Ее губы продолжали нежно ласкать его шею, медленно продвигаясь куда-то вбок. И когда ее шустрый язычок неожиданно начал теребить мочку его правого уха, Серебряков невольно вскрикнул. А ведь он раньше и не знал, что уши тоже принадлежат к его эрогенным зонам.
— Не надо, — из последних сил прошептал он. — А вдруг зайдет кто-нибудь.
— Ну и пусть, — твердо заявила девушка, не останавливаясь ни на минуту.
— Пусть, — глядя на нее, неожиданно для самого себя согласился Алексей.
Мысль о риске быть застигнутыми врасплох, занимаясь сексом прямо в комнате Каменской, вдруг так возбудила Серебрякова, что он не смог себя больше сдерживать…
— Ты не обиделась, детка? — произнес он, немного отдышавшись.
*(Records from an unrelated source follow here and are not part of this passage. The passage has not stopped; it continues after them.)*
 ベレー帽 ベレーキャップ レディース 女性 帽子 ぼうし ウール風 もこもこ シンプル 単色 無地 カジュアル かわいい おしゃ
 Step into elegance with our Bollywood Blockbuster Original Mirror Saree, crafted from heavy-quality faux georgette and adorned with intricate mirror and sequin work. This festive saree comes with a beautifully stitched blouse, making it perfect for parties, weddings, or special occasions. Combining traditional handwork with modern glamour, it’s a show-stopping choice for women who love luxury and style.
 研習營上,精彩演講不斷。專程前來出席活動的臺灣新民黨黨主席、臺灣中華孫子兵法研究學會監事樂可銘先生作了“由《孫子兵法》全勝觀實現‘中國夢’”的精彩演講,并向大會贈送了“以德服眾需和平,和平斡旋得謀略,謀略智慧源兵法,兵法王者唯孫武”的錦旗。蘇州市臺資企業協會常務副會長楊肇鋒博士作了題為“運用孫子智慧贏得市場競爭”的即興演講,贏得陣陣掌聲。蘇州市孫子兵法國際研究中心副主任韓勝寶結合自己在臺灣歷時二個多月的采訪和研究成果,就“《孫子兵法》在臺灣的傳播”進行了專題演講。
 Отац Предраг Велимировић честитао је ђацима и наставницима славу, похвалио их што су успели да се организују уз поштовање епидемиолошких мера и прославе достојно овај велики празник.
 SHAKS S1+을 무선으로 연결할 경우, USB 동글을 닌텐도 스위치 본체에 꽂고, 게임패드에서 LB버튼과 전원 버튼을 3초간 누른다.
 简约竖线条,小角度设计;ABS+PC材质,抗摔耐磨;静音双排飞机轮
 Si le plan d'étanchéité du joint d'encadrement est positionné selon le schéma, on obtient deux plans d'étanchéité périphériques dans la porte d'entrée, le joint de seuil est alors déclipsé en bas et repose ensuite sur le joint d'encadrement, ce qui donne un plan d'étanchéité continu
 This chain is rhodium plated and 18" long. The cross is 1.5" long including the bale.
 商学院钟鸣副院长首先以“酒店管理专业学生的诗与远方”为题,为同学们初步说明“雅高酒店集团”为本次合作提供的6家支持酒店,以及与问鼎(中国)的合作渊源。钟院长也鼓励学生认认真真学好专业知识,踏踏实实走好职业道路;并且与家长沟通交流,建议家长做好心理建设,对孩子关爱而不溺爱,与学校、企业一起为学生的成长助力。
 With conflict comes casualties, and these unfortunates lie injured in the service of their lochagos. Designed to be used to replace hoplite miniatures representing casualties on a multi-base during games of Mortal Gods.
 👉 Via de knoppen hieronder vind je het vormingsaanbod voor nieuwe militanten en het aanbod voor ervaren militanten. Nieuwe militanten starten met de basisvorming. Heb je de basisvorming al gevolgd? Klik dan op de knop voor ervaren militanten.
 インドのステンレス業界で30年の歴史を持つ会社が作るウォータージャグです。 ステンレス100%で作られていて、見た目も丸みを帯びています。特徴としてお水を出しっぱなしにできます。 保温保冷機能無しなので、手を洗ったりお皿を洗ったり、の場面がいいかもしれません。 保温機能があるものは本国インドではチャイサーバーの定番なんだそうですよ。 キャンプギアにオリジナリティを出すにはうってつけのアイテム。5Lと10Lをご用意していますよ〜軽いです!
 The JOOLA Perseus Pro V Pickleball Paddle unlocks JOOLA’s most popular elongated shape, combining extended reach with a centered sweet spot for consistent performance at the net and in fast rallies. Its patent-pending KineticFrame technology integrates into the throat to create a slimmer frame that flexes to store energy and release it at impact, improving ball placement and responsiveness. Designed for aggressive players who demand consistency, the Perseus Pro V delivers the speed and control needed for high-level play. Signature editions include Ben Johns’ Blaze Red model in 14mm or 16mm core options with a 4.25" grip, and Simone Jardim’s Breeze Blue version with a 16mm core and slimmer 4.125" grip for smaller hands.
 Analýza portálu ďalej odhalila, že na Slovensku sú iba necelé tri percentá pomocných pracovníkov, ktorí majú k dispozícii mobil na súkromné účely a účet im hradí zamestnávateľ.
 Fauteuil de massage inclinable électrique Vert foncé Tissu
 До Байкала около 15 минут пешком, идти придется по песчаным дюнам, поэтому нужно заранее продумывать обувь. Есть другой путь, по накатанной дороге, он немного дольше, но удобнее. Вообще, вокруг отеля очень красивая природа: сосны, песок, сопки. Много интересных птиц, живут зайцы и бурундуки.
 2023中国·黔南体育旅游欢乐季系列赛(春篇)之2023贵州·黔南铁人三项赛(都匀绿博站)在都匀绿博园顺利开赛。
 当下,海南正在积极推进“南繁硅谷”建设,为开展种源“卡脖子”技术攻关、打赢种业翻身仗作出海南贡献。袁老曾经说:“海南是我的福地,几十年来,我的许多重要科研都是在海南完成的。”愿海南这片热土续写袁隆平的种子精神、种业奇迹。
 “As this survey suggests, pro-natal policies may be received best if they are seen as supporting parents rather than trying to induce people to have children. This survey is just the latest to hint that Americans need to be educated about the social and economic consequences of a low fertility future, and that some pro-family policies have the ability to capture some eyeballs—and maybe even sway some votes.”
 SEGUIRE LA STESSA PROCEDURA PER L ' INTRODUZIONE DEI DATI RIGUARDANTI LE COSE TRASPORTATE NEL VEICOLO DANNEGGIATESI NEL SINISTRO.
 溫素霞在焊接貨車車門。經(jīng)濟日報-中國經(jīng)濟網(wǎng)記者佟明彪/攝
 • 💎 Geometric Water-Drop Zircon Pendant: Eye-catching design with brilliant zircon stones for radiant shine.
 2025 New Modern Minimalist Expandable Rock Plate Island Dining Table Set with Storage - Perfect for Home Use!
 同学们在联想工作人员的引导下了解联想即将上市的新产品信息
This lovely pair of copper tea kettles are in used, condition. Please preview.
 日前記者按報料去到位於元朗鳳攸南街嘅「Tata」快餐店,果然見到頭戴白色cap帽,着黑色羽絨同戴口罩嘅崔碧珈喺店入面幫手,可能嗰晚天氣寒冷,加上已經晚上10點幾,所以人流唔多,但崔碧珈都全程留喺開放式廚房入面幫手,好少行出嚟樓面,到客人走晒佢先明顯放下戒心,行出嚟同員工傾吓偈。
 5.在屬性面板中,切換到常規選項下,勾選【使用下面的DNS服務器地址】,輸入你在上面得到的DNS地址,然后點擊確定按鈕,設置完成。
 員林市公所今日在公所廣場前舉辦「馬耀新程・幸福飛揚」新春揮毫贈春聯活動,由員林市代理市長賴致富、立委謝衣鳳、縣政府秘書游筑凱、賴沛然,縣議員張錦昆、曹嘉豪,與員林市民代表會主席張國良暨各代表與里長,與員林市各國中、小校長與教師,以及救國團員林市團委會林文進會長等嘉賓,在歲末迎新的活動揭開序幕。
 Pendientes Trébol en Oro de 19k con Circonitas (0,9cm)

Он протянул к Алене руку и начал поглаживать ее грудь. Девушка повернула к нему счастливое личико.
— Мне было так хорошо! — восторженно прошептала она и судорожно сжала его в крепких объятиях. — Я люблю тебя.
— Ты — прелесть, — смущенно рассмеялся Серебряков, размышляя о том, скоро ли приедет Ирина и успеют ли они до этого времени привести себя в порядок.
* * *Ирина появилась в дверях своей гостиной уже вечером. Бандиты, доставившие ее домой, даже не стали проходить в особняк. Просто высадили около дома и укатили, оставив после себя клубы выхлопного газа и страшные воспоминания.
Ирина, не разуваясь, прошла в комнату, из которой днем ее увезли бандиты, и равнодушно упала на диван, уставившись в одну точку. Сил обдумать все, что произошло, у нее не было. Но и не думать совсем она не могла.
А мысли ее катились, как потерпевший крушение поезд: угрожая жизни, всему вокруг и особенно испуганным пассажирам, находящимся внутри.
— Ирина, куда ты пропала? — спросила ее, входя в комнату, как всегда, приветливая Орнагын. И тут же весело добавила, не дожидаясь ответа: — А у нас Маргошка окотилась, представляешь? Прямо у меня на кровати. А я, дура, ее сегодня с утра по всему дому ищу, чтобы покормить. Только сейчас зашла в комнату, а она тут как тут. Всю кровать перепачкала — мамочка!
— Сколько? — безжизненным тоном спросила Ирина.
— Чего сколько? — не поняла Орнагын.
— Ну, котят она сколько принесла? — так же равнодушно уточнила Каменская.
Все-таки персидочка Маргарита всегда была ее любимицей.
— Пять, — с недоумением ответила Орнагын, внимательно рассматривая Каменскую. — Но что случилось, Ира? — наконец испуганно произнесла она. — На тебе же лица нет!
— У живого человека всегда лицо есть, — чуть покачиваясь, возразила Ирина. — Да и у мертвого тоже. Одни рождаются, другие умирают. Какая разница?
— Ах, извини, — ужаснулась Орнагын. — Это ты из-за Толика, да? А я-то, дура, и забыла про него.
— Лучше бы про него и все остальные забыли, — мрачно произнесла Ирина.
Горбунья мягко опустилась рядом с Каменской и ласково стала гладить ее плечо, успокаивающе приговаривая:
— Ну что ты. Ну, успокойся. Не надо так расстраиваться, милая.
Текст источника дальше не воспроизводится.